Hi OP,
I think you raise several very important questions that I have also been trying to find the answers to. This is something I have been actively researching myself, so I hope my findings and research can help you. I apologise for the formatting of this, I am on my phone in bed and can't sleep lol.
From
my current understanding of the way in which this is implemented, the way in which Dedupe works now with a special allocation VDEV dedicated for it isn't much different than how it worked prior.
As we all know, the community has been preaching to not use Dedupe with ZFS for years because the implementation sucks. NetApp, Pure, etc all do it significantly better in sane ways that don't use all of your memory.
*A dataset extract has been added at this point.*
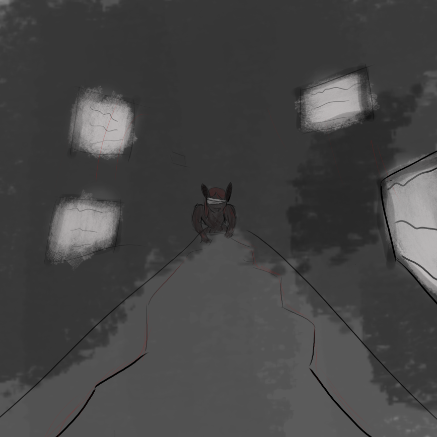 >>6374022>>6373995>>6373966>>6373906You head for the computer room, and L starts shaking her head violently. “No, nuh uh, not doing that, do it yourself.” She vanishes like she showed up, quickly and quietly. You’ve had some combat experience under your belt, but it’s hard to not feel a bit stressed when everyone treats this like you’re going to die in an instant.You look at the computer’s room keyhole, hoping to see anything, but apart from a few flashing white screen, it’s pitch black. Still, the positions of the screens on the walls implies this is a hallway leading to the computer room, rather than the computer room itself, which means you’ll need to get past a narrow, enclosed space to get to the room you want.Slowly, you open the door. Nothing. You flash the flashlight, nothing, as in, the light isn’t revealing anything, you fiddle with the dial a bit until you get to a normal light. Still nothing, an empty hallway, with the only notable thing being bloody scratch mark trailing across it.Not quite convinced of the safety of this path, you turn the dial to different settings, and even though the hallway is back to being dark, you now notice a form that somehow went unnoticed before, a humanoid thing with covered eyes and giant bat looking ears. It has fur that looks brown under this light, but it was impossible to see before that.You take a deep breath; it gets on all four, its hind legs hidden by the darkness. When it moves, the invisible property of its fur subsides, but just like the plant girl, this one is as silent as can be.Even though nothing’s happened yet, your armor is shaking. You have a bad feeling about this. You need to choose your opening carefully.(Any option not mentioning Table will have her try to defend you instead.)>Brute force. Table can throw everything at it while you focus on defending her, this will probably kill your opponent, but it’s bound to work.>You still have your handgun, no matter how fast that combat unit is, it can’t dodge a bullet. Shooting its legs might be enough to incapacitate it.>Harden, strength, juggernaut. Let’s fight them on their own terms and win.>Fire? Fire. Spark and Fire Flare are nearly instantaneous and quite effective, but hitting them might be harder than it looks.>Something else? (Write in)

The special allocation class doesn't fix the underlying issues with Dedupe, it is a bandaid. They are leveraging the fact that hardware has become faster and are using that to their advantage to cheat. Matt Ahrens, one of the original ZFS team members, proposed some solutions to actually fix Dedupe in 2017.
https://youtu.be/PYxFDBgxFS8 None of that has yet materialized.
So, how did it actually work before the introduction of the special allocation class? Again, This is my current understanding. The Dedupe table needs to be persistent, because if you lose it during a reboot because it is only in RAM, you're data has holes in it. Anything that was deduped would be garbage. Because of this, The table was stored in your main pool's VDEVs like any other data. Similar in that way to ARC, if your Dedupe table in memory doesn't have what it's looking for, it looks on the disk. Because it's not just a cache like the ARC though, this has a more severe performance penalty than an ARC miss. You end up in a position where you're main data VDEVs are spending significant amounts of their IO just doing lookups in the Dedupe table.
The special allocation class simply just moves this function off of your main VDEVs onto dedicated devices to help alleviate some of the performance penalty. You can think of it similarly to an L2ARC, but the data isn't just a cache and if the special VDEV is lost your data has holes in it and your whole pool is dead.
The jury is still out on the effectiveness of this method. No one has really reported on it . Do you still need to follow the old ratio wisdom? I think it depends on how fast your VDEV is and how busy your pool is. You would also need to do some tuning on your ARC to make sure you can fit enough metadata in it to keep your L2ARC populated and cache hits up.
What makes this all more frustrating is that the operating system doesn't even expose Dedupe ratios in the GUI. In fact, It literally ignores the deduped data and counts it as if it weren't deduped, so from a glance it looks like it's not doing anything at all. There's no way of even visualizing it's effectiveness without digging into the command line. It will show you the I/O of your Dedupe VDEV though, so you will be able to see how busy it is at any given time and track trends.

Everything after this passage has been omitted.